*** Opening INFORMATION SUPPLIED ***
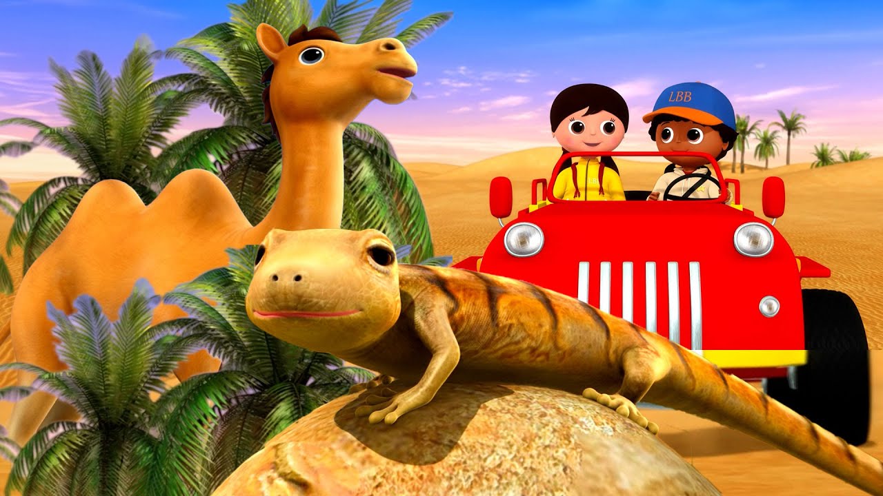 Going to the desert, we're going to the desert. We're off to the hot, dry, and sandy desert. What will we see Sand and cactuses and sand in our hair. We'll go in a jeep and see animals such as lizards, hares and camels. Going to the desert, we're going to the desert. We're off to the hot, dry, and sandy desert. The temperature is 100° Fahrenheit, although it's much cooler late at night. Wrap a headscarf to protect yourself from the sun and sand.
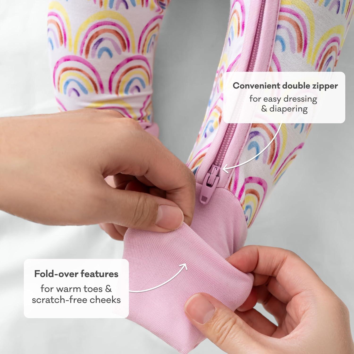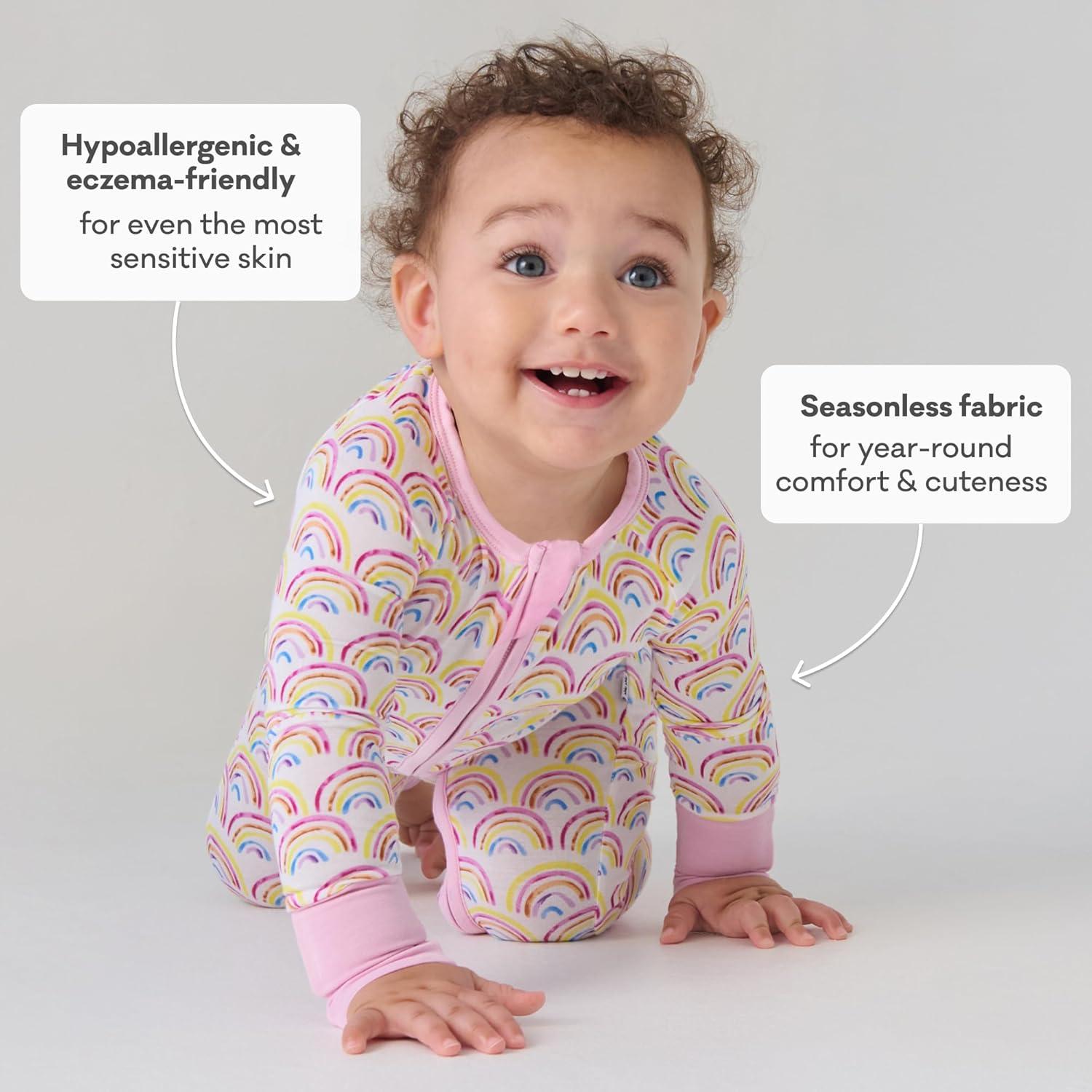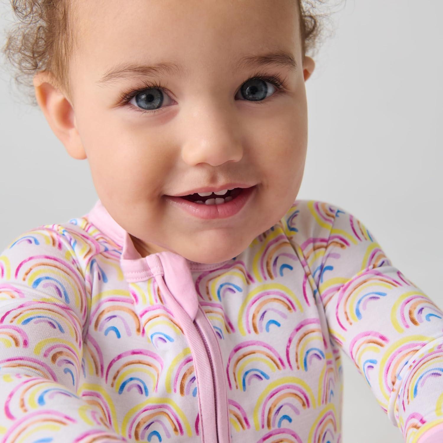 Little Sleepies Pajamas for Baby Boys & Girls, Viscose from Bamboo Baby Pajamas, Preemie & Newborn Sleepers, 2-Way Zipper PJs(Pastel Rainbows)
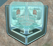 (Feb 2006) The Grail is as much a sculpture as a building, and was not designed with any particular purpose in mind, although it does have a fully functional "elevator" system involving avatar pushes. I had thought for a couple of months about how to build a large structure with no sharp corners (only smooth curves) and no seams. The Grail is one solution to that problem, combining a number of torus shape "discoveries", all worked out using algebra.
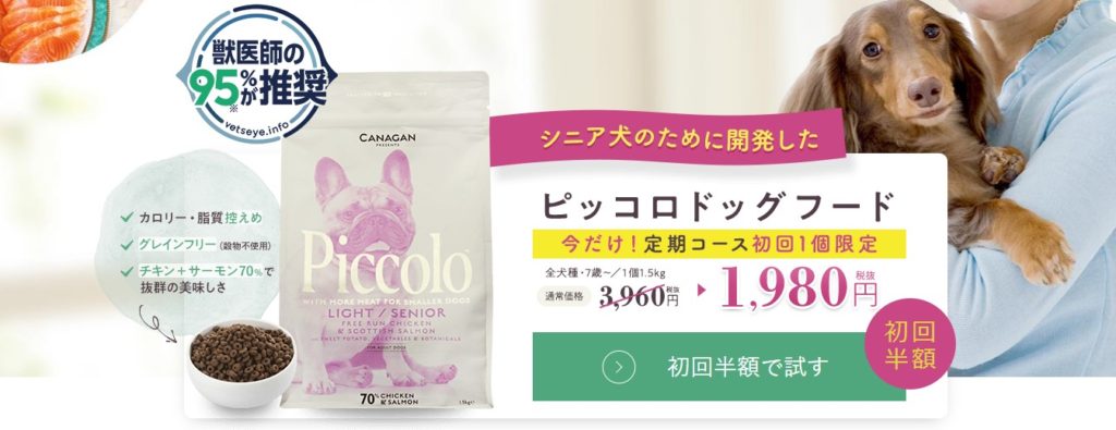 公式サイトの定期コースからピッコロドッグフードを購入すると初回分のみ通常価格の50%オフ、1980円で購入することが出来ます。
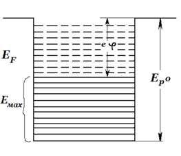 Таким образом, потенциальная энергия валентных электронов внутри металла меньше, чем вне металла, на величину, равную глубине потенциальной ямы
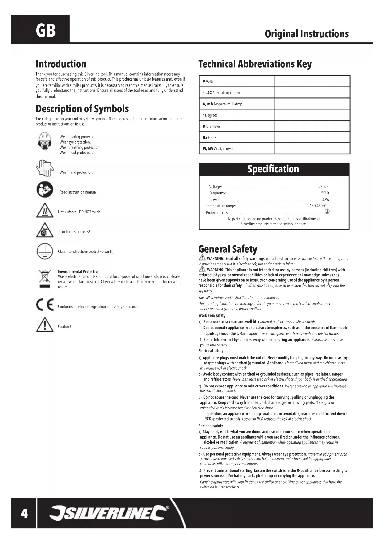 instructions may result in electric shock, re and/or serious injury. WARNING: This appliance is not intended for use by persons (including children) with reduced, physical or mental capabilities or lack of experience or knowledge unless they have been given supervision or instruction concerning use of the appliance by a person responsible for their safety. Children must be supervised to ensure that they do not play with the appliance.Save all warnings and instructions for future reference. The term "appliance" in the warnings refers to your mains-operated (corded) appliance or battery-operated (cordless) power appliance.Work area safety a) Keep work area clean and well lit. Cluttered or dark areas invite accidents. b) Do not operate appliance in explosive atmospheres, such as in the presence of ammable liquids, gases or dust. Power appliances create sparks which may ignite the dust or fumes. c) Keep children and bystanders away while operating an appliance. Distractions can cause you to lose control.Electrical safetya) Appliance plugs must match the outlet. Never modify the plug in any way. Do not use any adapter plugs with earthed (grounded) Appliance. Unmodied plugs and matching outlets will reduce risk of electric shock.b) Avoid body contact with earthed or grounded surfaces, such as pipes, radiators, ranges and refrigerators. There is an increased risk of electric shock if your body is earthed or grounded. c) Do not expose appliance to rain or wet conditions. Water entering an appliance will increase the risk of electric shock.d) Do not abuse the cord. Never use the cord for carrying, pulling or unplugging the appliance. Keep cord away from heat, oil, sharp edges or moving parts. Damaged or entangled cords increase the risk of electric shock. f) If operating an appliance in a damp location is unavoidable, use a residual current device (RCD) protected supply. Use of an RCD reduces the risk of electric shock. Personal safetya) Stay alert, watch what you are doing and use common sense when operating an appliance. Do not use an appliance while you are tired or under the inuence of drugs, alcohol or medication. A moment of inattention while operating appliances may result in serious personal injury. b) Use personal protective equipment. Always wear eye protection. Protective equipment such as dust mask, non-skid safety shoes, hard hat, or hearing protection used for appropriate conditions will reduce personal injuries. c) Prevent unintentional starting. Ensure the switch is in the O-position before connecting to power source and/or battery pack, picking up or carrying the appliance. Carrying appliances with your nger on the switch or energising power appliances that have the switch on invites accidents. Description of Symbols The rating plate on your tool may show symbols. These represent important information about the product or instructions on its use.Wear hearing protection. Wear eye protection. Wear breathing protection.Wear head protection.Wear hand protection.Read instruction manual.Hot surfaces - DO NOT touch!Toxic fumes or gases!Class I construction (protective earth)Environmental Protection Waste electrical products should not be disposed of with household waste. Please recycle where facilities exist. Check with your local authority or retailer for recycling advice.Conforms to relevant legislation and safety standards.Caution! Introduction Thank you for purchasing this Silverline tool. This manual contains information necessary for safe and effective operation of this product. This product has unique features and, even if you are familiar with similar products, it is necessary to read this manual carefully to ensure you fully understand the instructions. Ensure all users of the tool read and fully understand this manual. Original Instructions V Volts~, AC Alternating currentA, mA Ampere, milli-Amp° DegreesØ DiameterHz HertzW, kW Watt, kilowatt 265829 Manual.indd 4 16/11/2017 09:59Soldering Station 48W265829
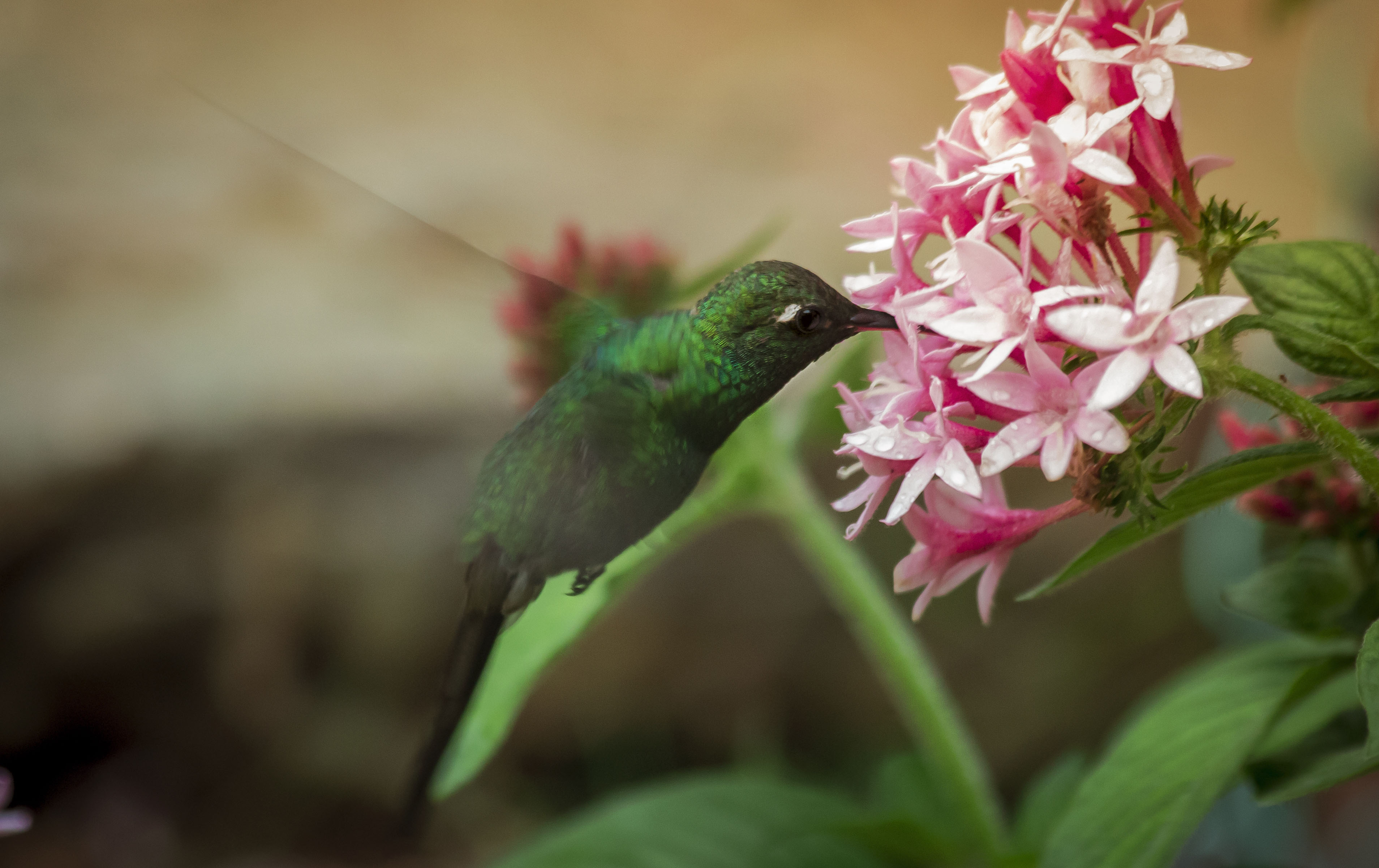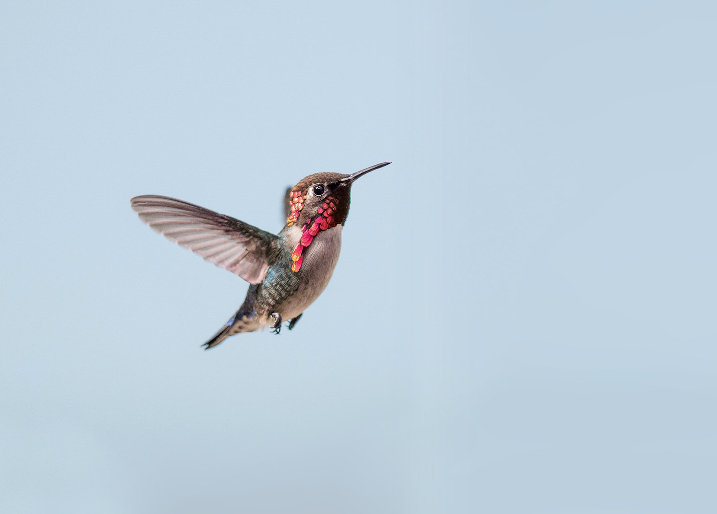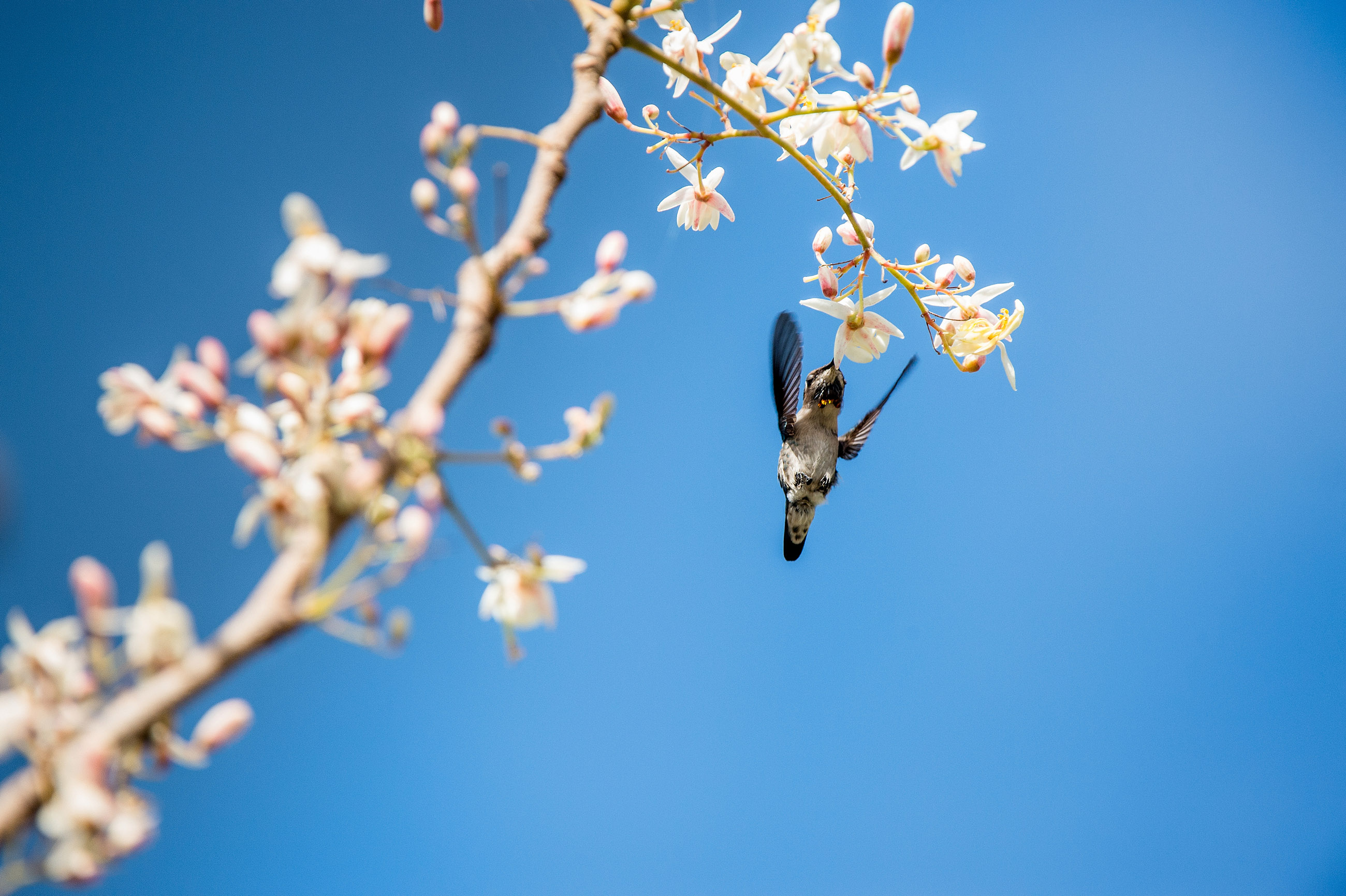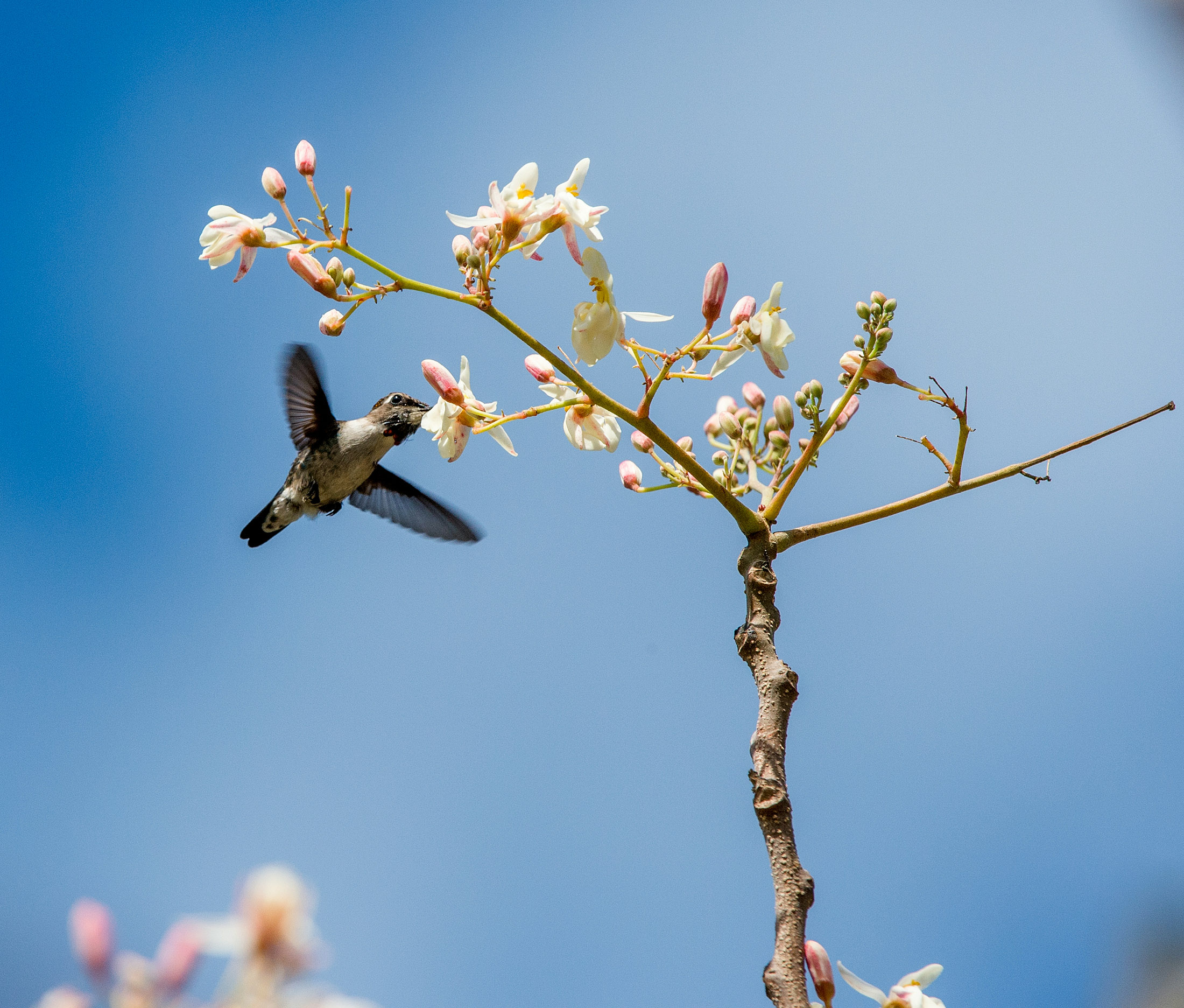 事实上,这种贪吃的小家伙每天要吃进相当于自己体重一半重量的食物,并需拜访1,500朵花吸食足够的花蜜来解渴。富含糖分的花蜜为它提供了必要能量,而捕食的昆虫则是蛋白质的好来源。吸蜜蜂鸟可以长达20小时不休息连续飞行,当然这需要消耗大量卡路里。
*** Closing INFORMATION SUPPLIED ***
» TASK
Without including any pictures, reproduce the data exactly.

» REPLY TO THE EXERCISE
 Going to the desert, we're going to the desert. We're off to the hot, dry, and sandy desert. What will we see Sand and cactuses and sand in our hair. We'll go in a jeep and see animals such as lizards, hares and camels. Going to the desert, we're going to the desert. We're off to the hot, dry, and sandy desert. The temperature is 100° Fahrenheit, although it's much cooler late at night. Wrap a headscarf to protect yourself from the sun and sand.
 Little Sleepies Pajamas for Baby Boys & Girls, Viscose from Bamboo Baby Pajamas, Preemie & Newborn Sleepers, 2-Way Zipper PJs(Pastel Rainbows)
 (Feb 2006) The Grail is as much a sculpture as a building, and was not designed with any particular purpose in mind, although it does have a fully functional "elevator" system involving avatar pushes. I had thought for a couple of months about how to build a large structure with no sharp corners (only smooth curves) and no seams. The Grail is one solution to that problem, combining a number of torus shape "discoveries", all worked out using algebra.
 公式サイトの定期コースからピッコロドッグフードを購入すると初回分のみ通常価格の50%オフ、1980円で購入することが出来ます。
 Таким образом, потенциальная энергия валентных электронов внутри металла меньше, чем вне металла, на величину, равную глубине потенциальной ямы
 instructions may result in electric shock, re and/or serious injury. WARNING: This appliance is not intended for use by persons (including children) with reduced, physical or mental capabilities or lack of experience or knowledge unless they have been given supervision or instruction concerning use of the appliance by a person responsible for their safety. Children must be supervised to ensure that they do not play with the appliance.Save all warnings and instructions for future reference. The term "appliance" in the warnings refers to your mains-operated (corded) appliance or battery-operated (cordless) power appliance.Work area safety a) Keep work area clean and well lit. Cluttered or dark areas invite accidents. b) Do not operate appliance in explosive atmospheres, such as in the presence of ammable liquids, gases or dust. Power appliances create sparks which may ignite the dust or fumes. c) Keep children and bystanders away while operating an appliance. Distractions can cause you to lose control.Electrical safetya) Appliance plugs must match the outlet. Never modify the plug in any way. Do not use any adapter plugs with earthed (grounded) Appliance. Unmodied plugs and matching outlets will reduce risk of electric shock.b) Avoid body contact with earthed or grounded surfaces, such as pipes, radiators, ranges and refrigerators. There is an increased risk of electric shock if your body is earthed or grounded. c) Do not expose appliance to rain or wet conditions. Water entering an appliance will increase the risk of electric shock.d) Do not abuse the cord. Never use the cord for carrying, pulling or unplugging the appliance. Keep cord away from heat, oil, sharp edges or moving parts. Damaged or entangled cords increase the risk of electric shock. f) If operating an appliance in a damp location is unavoidable, use a residual current device (RCD) protected supply. Use of an RCD reduces the risk of electric shock. Personal safetya) Stay alert, watch what you are doing and use common sense when operating an appliance. Do not use an appliance while you are tired or under the inuence of drugs, alcohol or medication. A moment of inattention while operating appliances may result in serious personal injury. b) Use personal protective equipment. Always wear eye protection. Protective equipment such as dust mask, non-skid safety shoes, hard hat, or hearing protection used for appropriate conditions will reduce personal injuries. c) Prevent unintentional starting. Ensure the switch is in the O-position before connecting to power source and/or battery pack, picking up or carrying the appliance. Carrying appliances with your nger on the switch or energising power appliances that have the switch on invites accidents. Description of Symbols The rating plate on your tool may show symbols. These represent important information about the product or instructions on its use.Wear hearing protection. Wear eye protection. Wear breathing protection.Wear head protection.Wear hand protection.Read instruction manual.Hot surfaces - DO NOT touch!Toxic fumes or gases!Class I construction (protective earth)Environmental Protection Waste electrical products should not be disposed of with household waste. Please recycle where facilities exist. Check with your local authority or retailer for recycling advice.Conforms to relevant legislation and safety standards.Caution! Introduction Thank you for purchasing this Silverline tool. This manual contains information necessary for safe and effective operation of this product. This product has unique features and, even if you are familiar with similar products, it is necessary to read this manual carefully to ensure you fully understand the instructions. Ensure all users of the tool read and fully understand this manual. Original Instructions V Volts~, AC Alternating currentA, mA Ampere, milli-Amp° DegreesØ DiameterHz HertzW, kW Watt, kilowatt 265829 Manual.indd 4 16/11/2017 09:59Soldering Station 48W265829
 事实上,这种贪吃的小家伙每天要吃进相当于自己体重一半重量的食物,并需拜访1,500朵花吸食足够的花蜜来解渴。富含糖分的花蜜为它提供了必要能量,而捕食的昆虫则是蛋白质的好来源。吸蜜蜂鸟可以长达20小时不休息连续飞行,当然这需要消耗大量卡路里。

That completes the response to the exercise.